▶ **Required work**: Down to the final line, write out the material beneath exactly, without pictures.

%%

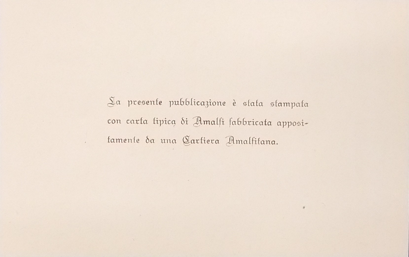 Pubblicazione a cura dell'Ente Provinciale per il Turismo di Salerno stampata su carta tipica di Amalfi. Edizione speciale fuori commercio per la Camera Commercio Industria Artigianato e Agricoltura di Salerno.
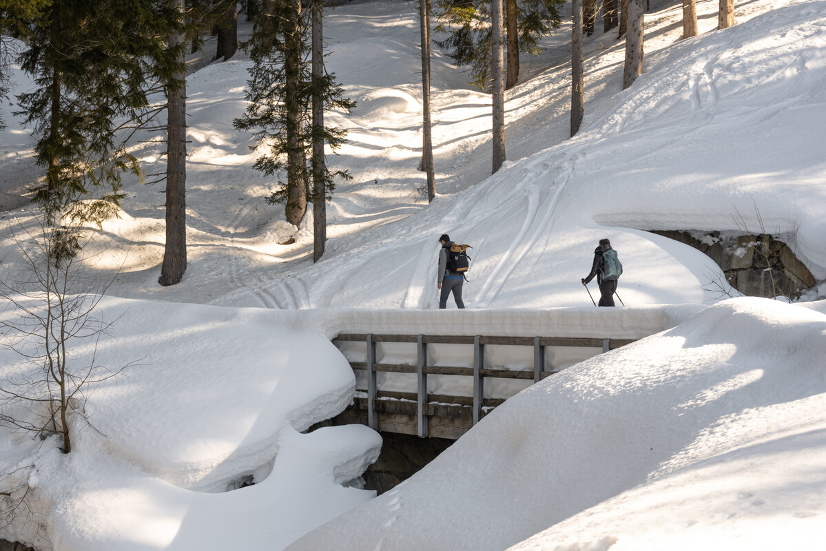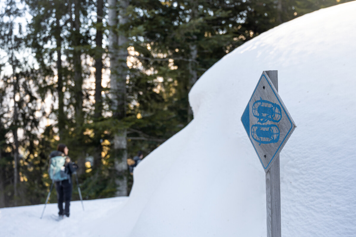 Alle ciaspole pensiamo noi: il noleggio è compreso nel prezzo d'iscrizione all'esperienza.
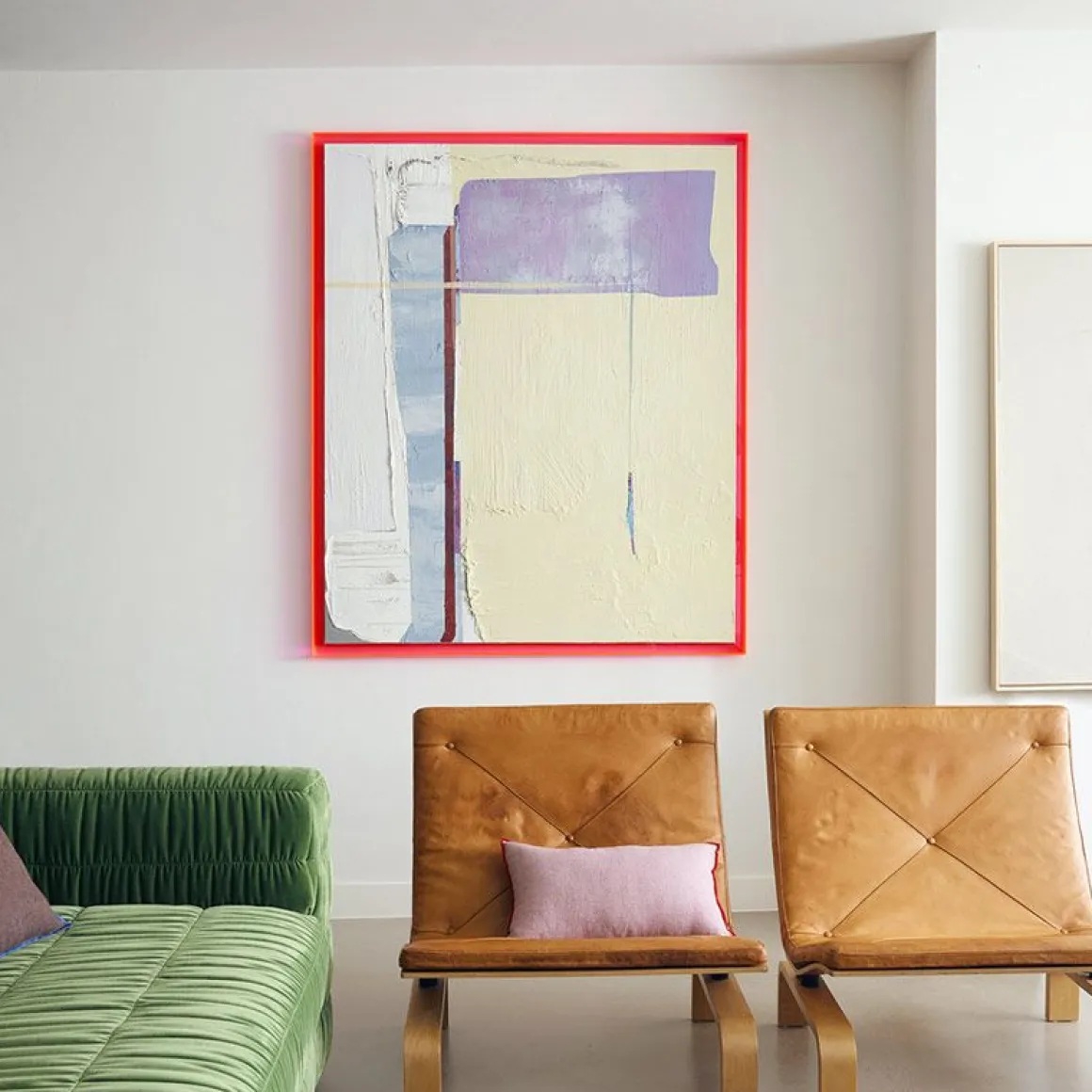 Nous croyons qu’une maison n’est pas complète sans avoir une œuvre d’art sur le mur. Nos ajouts d’art mural sont primitifs mais contemporains, tous peints à la main, tous uniques. Les œuvres d’art sont associées à un cadre futuriste en plexiglas.
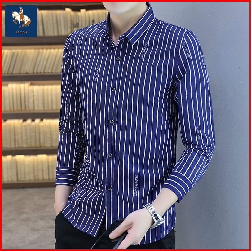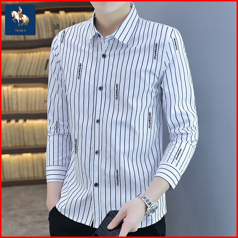 Tamp-x Kemeja Pria Distro Bordir Garis-garis Lengan Panjang Putih Hitam Premium
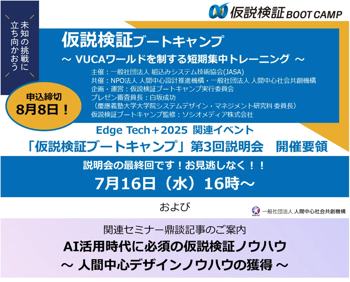 「仮説検証ブートキャンプ」は、参加者が自らの仮説を立て、それを検証することで新しい価値を創出するためのスキルを養うための集中プログラムです。特に、デザイナーやエンジニア、企画職など、さまざまな職種の方々が対象となるこのブートキャンプは、オンラインで行われる説明会を通じて参加者を募集中です。説明会は、2023年7月16日に開催予定で、興味のある方は参加申し込みが求められています。
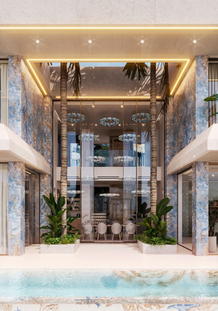 The entrance sets the tone before you’ve even stepped inside. A sculptural pivot door opens into a hall where large-format Versace Ceramics slabs cover the floor, edged with a hand-cut Versace mosaic border. The walls carry the marble through to the first door frames, which are also clad in Versace stone. Water features run along the edges. Natural light falls through the double-height space.
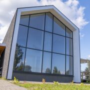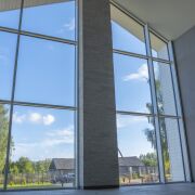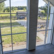 - высокие потолки, обзорные окна;
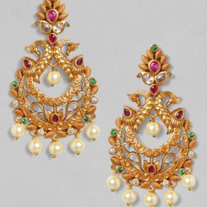 22K Gold Plated Handcrafted Faux Ruby Stone with Pearls Peacock Chandbali Earrings – Gold
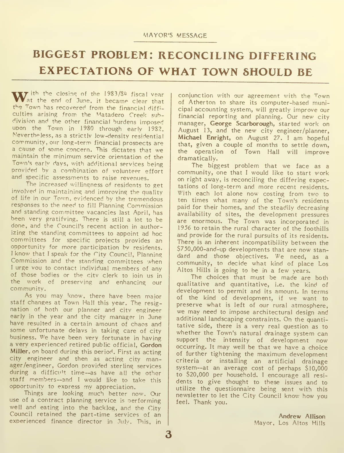 Mayor Allison's Message - Biggest problem is reconciling differing expectations of what town should be. |
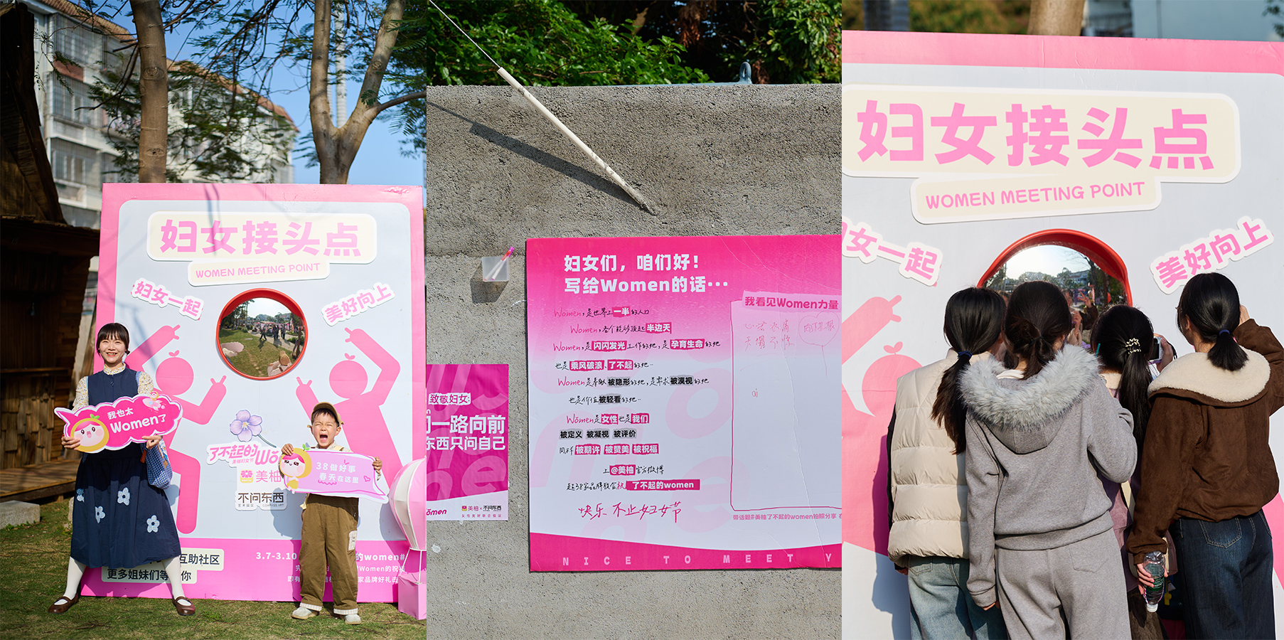 互动打卡,Women本就是风景。路过的女性停下脚步,她们书写“Women”的肯定,也留下对“Women”的祝福,打卡妇女接头点, 「了不起」此刻正在发生……

%%

▶ **Exercise output**:
 Pubblicazione a cura dell'Ente Provinciale per il Turismo di Salerno stampata su carta tipica di Amalfi. Edizione speciale fuori commercio per la Camera Commercio Industria Artigianato e Agricoltura di Salerno.
 Alle ciaspole pensiamo noi: il noleggio è compreso nel prezzo d'iscrizione all'esperienza.
 Nous croyons qu’une maison n’est pas complète sans avoir une œuvre d’art sur le mur. Nos ajouts d’art mural sont primitifs mais contemporains, tous peints à la main, tous uniques. Les œuvres d’art sont associées à un cadre futuriste en plexiglas.
 Tamp-x Kemeja Pria Distro Bordir Garis-garis Lengan Panjang Putih Hitam Premium
 「仮説検証ブートキャンプ」は、参加者が自らの仮説を立て、それを検証することで新しい価値を創出するためのスキルを養うための集中プログラムです。特に、デザイナーやエンジニア、企画職など、さまざまな職種の方々が対象となるこのブートキャンプは、オンラインで行われる説明会を通じて参加者を募集中です。説明会は、2023年7月16日に開催予定で、興味のある方は参加申し込みが求められています。
 The entrance sets the tone before you’ve even stepped inside. A sculptural pivot door opens into a hall where large-format Versace Ceramics slabs cover the floor, edged with a hand-cut Versace mosaic border. The walls carry the marble through to the first door frames, which are also clad in Versace stone. Water features run along the edges. Natural light falls through the double-height space.
 - высокие потолки, обзорные окна;
 22K Gold Plated Handcrafted Faux Ruby Stone with Pearls Peacock Chandbali Earrings – Gold
 Mayor Allison's Message - Biggest problem is reconciling differing expectations of what town should be. |
 互动打卡,Women本就是风景。路过的女性停下脚步,她们书写“Women”的肯定,也留下对“Women”的祝福,打卡妇女接头点, 「了不起」此刻正在发生……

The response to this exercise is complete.